Publié par MaRichesse.Com sur 26 Septembre 2016, 16:24pm

Catégories : #SUISSE, #ECONOMIE

Les familles frappées par la hausse de primes

Les familles vont passer à la caisse. En annonçant lundi le montant des primes de l’assurance obligatoire des soins, le conseiller fédéral Alain Berset a mis en avant cette catégorie d’assurés, particulièrement concernée par la nouvelle hausse. En 2017, les primes des enfants vont particulièrement peser sur le budget des ménages: elles augmenteront de 6,6% pour atteindre le montant de 105,25 francs, soit une progression de 6,14 francs par enfant et par mois en moyenne. En Suisse romande, la hausse sera encore plus marquée, surtout à Genève (+9,7%), devant le Jura et le Valais (8,2%), Vaud (7,6%) et Fribourg (6,9%).

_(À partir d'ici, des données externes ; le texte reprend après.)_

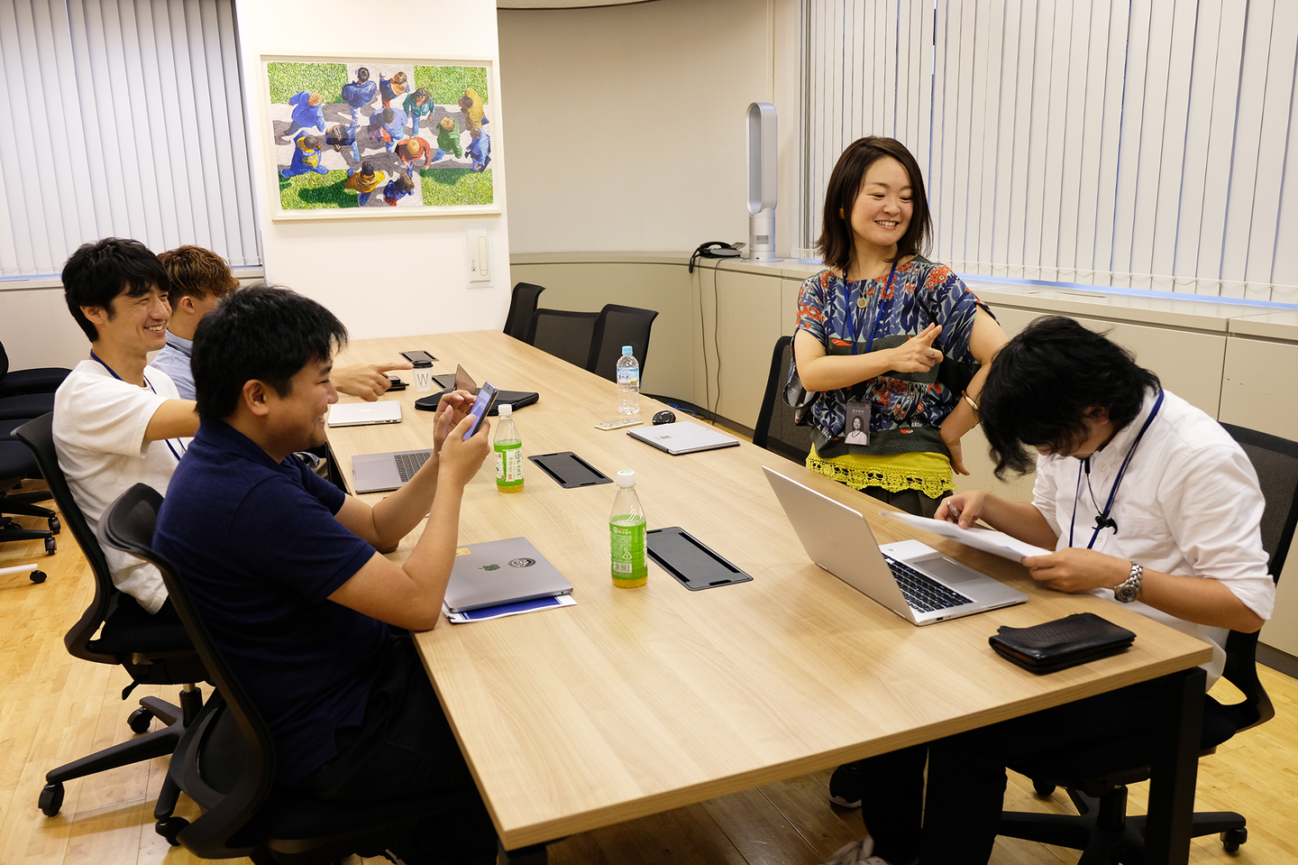 プロジェクトの定例MTGでメンバーとふざけ合っている風景です(念のため(^-^;)

En fait, depuis 2013, le montant des soins dispensés aux bambins et pris en charge par les assureurs maladie est supérieur aux recettes des primes encaissées pour ce groupe d’âge, explique l’Office fédéral de la santé publique. Dès lors, un «processus de rattrapage» est en cours. Comme le constate Verena Nold, directrice de l’association des assureurs Santésuisse, «la hausse des coûts pour les enfants a été régulière ces dernières années. Elle tient à une meilleure prise en charge, notamment des enfants jusque vers cinq ans, qui sont régulièrement contrôlés et bénéficient de mesures de prévention. Et c’est une bonne chose.»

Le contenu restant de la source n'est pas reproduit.